2. **Recursive spawn** each blink schedules the next one. No continuous loop.
3. **`background_executor().timer()`** sleeps the async task for the interval. NOT `tokio::time::sleep` (GPUI has its own executor).
4. **`cx.notify()`** marks ONLY this view dirty. Window draws on next calloop tick.
### Critical Gotcha: `cx.spawn()` Inside `cx.new()`
**`cx.spawn()` called inside a `cx.new(|cx| { ... })` closure does NOT execute.** The entity is not yet registered with the window at that point. The spawn is created but the async task never runs.

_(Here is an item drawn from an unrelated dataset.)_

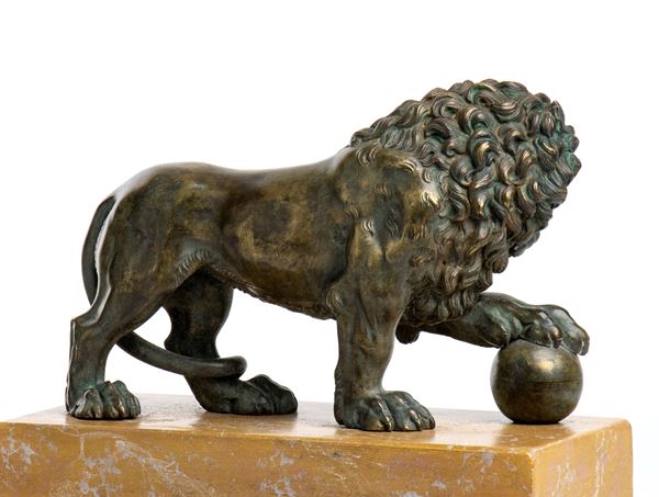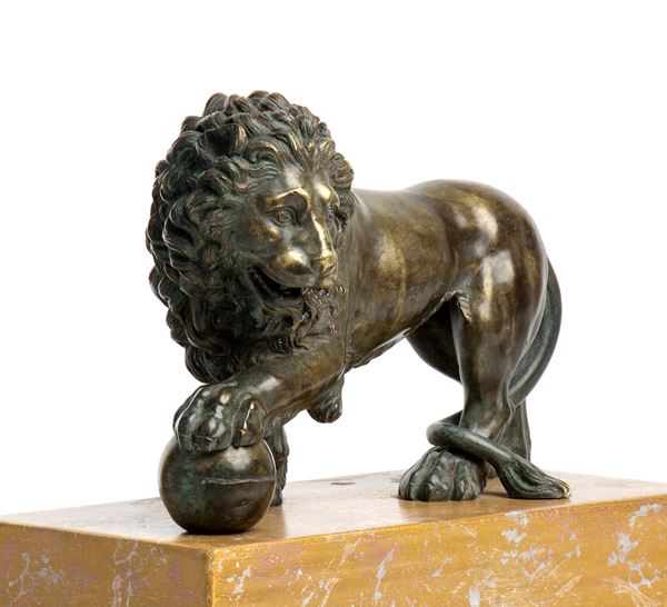 Il bronzetto qui presentato si riferisce alla scultura di Flaminio Vacca, ma non ne è una derivazione pedissequa in quanto la coda e le zampe sono posizionate diversamente. Copie del Grand Tour e successive di entrambi i soggetti sono facilmente reperibili sul mercato antiquario. Questo leoncino, invece, si ispira al soggetto rielaborandolo, presentando così un'originalità che lo colloca in un'epoca anteriore. Inoltre, la straordinaria finitura a cesello e la bella patina lo avvicinano a prodotti toscani di ispirazione giambolognesca.

**Fix:** Call `start_blinking()` via `entity.update(cx, |dot, cx| dot.start_blinking(cx))` AFTER `cx.new()` returns, from the parent's `init_subviews()`.

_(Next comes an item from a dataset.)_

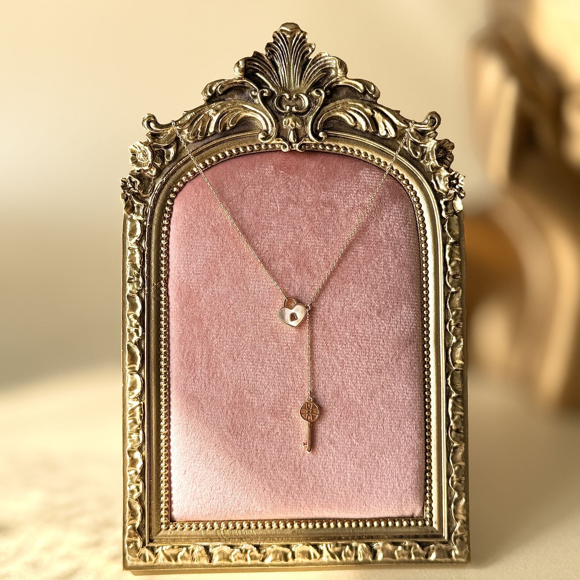 Sedef yüzeyli kalp kilit detayı ve zarif anahtar figürü ile tasarlanan gold kaplama Y kolye, anlamlı ve dikkat çekici bir şıklık sunar. Doğal sedef dokusu ışığı yumuşak yansıtarak ürüne sofistike bir parlaklık kazandırır.

### Why 4.5% CPU Instead of ~1% (Zed)
`cx.notify()` on PulsingDot propagates to the window level. GPUI redraws ALL dirty views in the window including parent views (Workspace, ProjectGrid, ProjectBox). Our prototype rebuilds ~200 div elements per window redraw.
Zed achieves ~1% because:
1. Its render tree is heavily optimized with caching
2. Static parts are pre-computed, not rebuilt per frame
3. Entity children (`Entity<T>`) passed via `.child(entity)` are cached by GPUI
4. Zed's element tree is much deeper but uses IDs for efficient diffing
Our remaining 4.5% optimization path:
- Move header, tab bar, content area into separate Entity views (GPUI caches them independently)
- Avoid re-building tab buttons and static text on every render
- Use `SharedString` everywhere (done reduced from 5% to 4.5%)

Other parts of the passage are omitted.